#### [EXERCISE DIRECTIONS]
Set down all of the data exactly. Pictures stay out of the copy.
___ DATA SHOWN ___
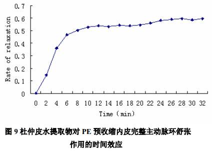 Fig.8 The time dependent effect of Eucommia ulmoides Oliv on tension of phenylephrine(PE) precontracted aorta rings of rat. 3 討論
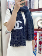 CC Scarf 190 CM In Charcoal Blue Mix White Cashmere 421408
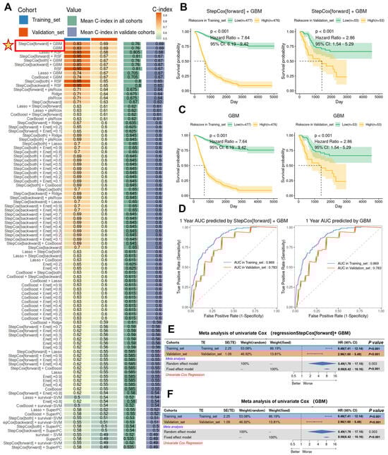 Construction of the MMP1 + FIB model and validation of its efficacy in predicting survival outcomes. (A) Using 10 comprehensive computational frameworks (StepCox, GBM, Lasso, RSF, plsRcox, Ridge, Enet, CoxBoost, survival-SVM, SuperPC), 101 machine learning algorithm combinations were generated. The C-index of each model was calculated in the training and validation cohorts to evaluate predictive performance. (B) Kaplan–Meier curves showed the association between the risk scores calculated by the StepCox[forward] + GBM combined model and patient outcomes in both the training and validation cohorts. (C) Kaplan–Meier curves demonstrated the relationship between the risk scores derived from the GBM model and patient outcomes in the training and validation cohorts. (D) ROC curves evaluated the 1-year survival area under the curve (AUC) performance of the StepCox[forward] + GBM and GBM models. (E) Meta-analysis of the univariate Cox regression for the MMP1 + FIB-related signature genes and survival time under the StepCox[forward] + GBM model. (F) Meta-analysis of the univariate Cox regression for the MMP1 + FIB-related signature genes and survival time in the GBM model.
___
#### [ANSWER FOR THE TASK]
 Fig.8 The time dependent effect of Eucommia ulmoides Oliv on tension of phenylephrine(PE) precontracted aorta rings of rat. 3 討論
 CC Scarf 190 CM In Charcoal Blue Mix White Cashmere 421408
 Construction of the MMP1 + FIB model and validation of its efficacy in predicting survival outcomes. (A) Using 10 comprehensive computational frameworks (StepCox, GBM, Lasso, RSF, plsRcox, Ridge, Enet, CoxBoost, survival-SVM, SuperPC), 101 machine learning algorithm combinations were generated. The C-index of each model was calculated in the training and validation cohorts to evaluate predictive performance. (B) Kaplan–Meier curves showed the association between the risk scores calculated by the StepCox[forward] + GBM combined model and patient outcomes in both the training and validation cohorts. (C) Kaplan–Meier curves demonstrated the relationship between the risk scores derived from the GBM model and patient outcomes in the training and validation cohorts. (D) ROC curves evaluated the 1-year survival area under the curve (AUC) performance of the StepCox[forward] + GBM and GBM models. (E) Meta-analysis of the univariate Cox regression for the MMP1 + FIB-related signature genes and survival time under the StepCox[forward] + GBM model. (F) Meta-analysis of the univariate Cox regression for the MMP1 + FIB-related signature genes and survival time in the GBM model.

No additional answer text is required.